…if you keep horsing around with the backdated boilerplates, crapshoot colors, inconsistent images, mixed-up messages and scattershot slogans that create chronic confusion about what your firm’s brand really is and how to communicate it consistently to clients, collaborators, even co-workers.
That was a key issue raised at the March meeting of the Boston Society of Architects Marketing/PR Wizards. The focus was proper brand development and implementation for uniformity of image throughout a firm’s marketing collateral, and the challenge of keeping vigil on the firm’s brand identity amid the runaway horserace of social media and electronic design/production tools, the constantly changing marketplace, even in-house personnel and team comings and goings.
I took away from that meeting the necessity to follow the 5 Cs in branding:
- Clarity
- Cohesion
- Consistency
- Communication
- Collaboration
Clarity is attained by sifting through the haystack of concepts, catchphrases, clauses, clichés and keywords you’ve bandied about for eons to find the needle of necessity to pinpoint your firm’s core values: who we are, what we do, our mission, our philosophy, our approach, etc.
Once those core values are agreed upon, now comes a bigger hurdle: unifying them into a strong message that captures the firm’s essence, image and brand in a nutshell. This message must guide the creation of marketing materials accordingly, leading you toward…
Cohesion between message and graphics. At the meeting it was mentioned that “there are two parts to your brand and identity, and the whole graphic piece and message should be thought of together.” As form follows function in building, material should follow message in marketing.
Payette’s website is a prime example. The firm evokes its 75-80 year history and honors its roots with an older-looking logo and archival images. Their “collaborative and participatory” process is shown in photos of staff teaming on models, plans, construction sites, etc. Shots of building materials used — brick, exposed wood, concrete, etc. — signify that “we value process as much as the end product.” A picture of a pin-up board they use to encourage constant collaboration and idea-sharing emphasizes the firm’s “innovative process.” Images of their office displays of brand words like “Integrity” drive home their message.
Consistency is another big hurdle if a firm’s employees buck its brand standards (if any exist to begin with) and use “random cowboy” fonts, titles, templates, logos, palettes, signatures, stationery, etc., in its outgoing marketing materials and correspondence.
This certainly doesn’t promote the firm as a cohesive team — especially since this inconsistency’s main cause is poor communication and enforcement of brand guidelines in the firm as a whole, particularly to newbies who might be using an old letterhead or studio report template without being aware of it. Brand standard setting and up-front communication of it to all firm members (discussed below) is key to averting a bucking bronco of a brand.
HMFH Architects, Inc., sets a great example of branding consistency by perpetuating its green, blue, orange and purple color scheme throughout its business cards, office signage, origami candy holders, website dropdown menus, etc., as well as some of its school building designs.

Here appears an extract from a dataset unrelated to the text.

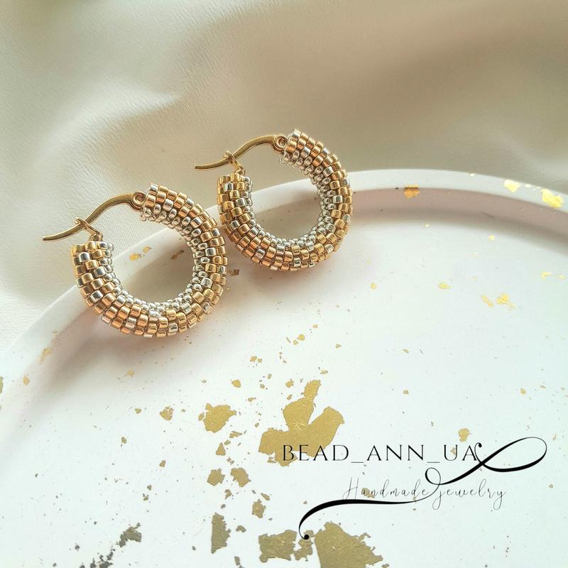 Сережки конго були створені під замовлення, з урахуванням побажань замовниці, а саме градієнт з переходом кольору від срібла до золота, тільки не вздовж сережки а вширину✨️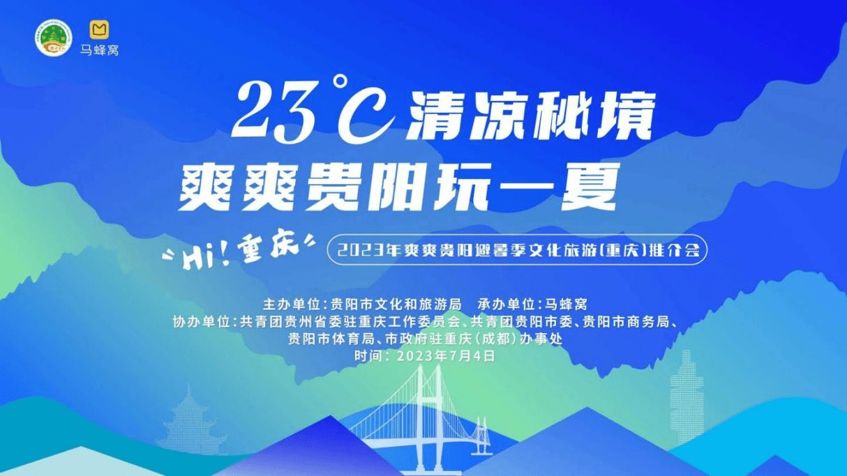 7月11日, 由贵阳市文化和旅游局主办、马蜂窝承办的2023年爽爽贵阳避暑季文化旅游推介会来到地处“高温圈”的重庆,在展现贵阳丰富的文旅资源与避暑新玩法的同时向重庆人民发出23℃的清凉邀约。

Perkins + Will has simplified its logo to fit easily into lots of collateral across its 22 international offices. All individual office websites share the same logo, menu and home page. This presents the firm as one cohesive company committed to interoffice interaction and consistency of quality throughout the world.

From “Making a Style Guide,” www.bene.be

From the Giraffe Project Standards Manual by Reid Parham
Communication with co-workers about brand standards, as mentioned above, must precede communication of the brand to the public. This is where the style guide comes in — which must have clarity in its own right.
“I wrote it in a fit of frustration,” remarked a meeting attendee. “It’s hard to follow, so no one follows it.” The solution, in Thoreau’s lingo: “Simplify, simplify.”
The style guide should be:
- created by a team, including a project administrator and coordinator, who know the firm’s fonts and colors cold;
- presented as a hierarchy of headings, subheadings and texts, and hues, shades and tints, within coherent schemes that bring out the brand;
- made easy for the entire firm to read, learn and follow — no pedantic or awkward language, complex sentences or the like;
- made accessible to all through the company intranet, a printed manual to keep at your workstation, or a findable file that’s not like looking for a needle in a haystack.
For template consistency, a firm using InDesign might consider training its entire staff in that software to familiarize everyone with the firm’s template style, design/branding components and collateral production process. Elizabeth Brown (who attended the meeting) does just that through Soft-Teach.com, a customized computer training program offering on-site instruction right in a firm’s office.
It is also important to give every new employee a formal orientation to the firm’s branding approach and style right away, so s/he’ll know it right off the bat and not end up using a letterhead, masthead or subhead from 5 or 10 years ago.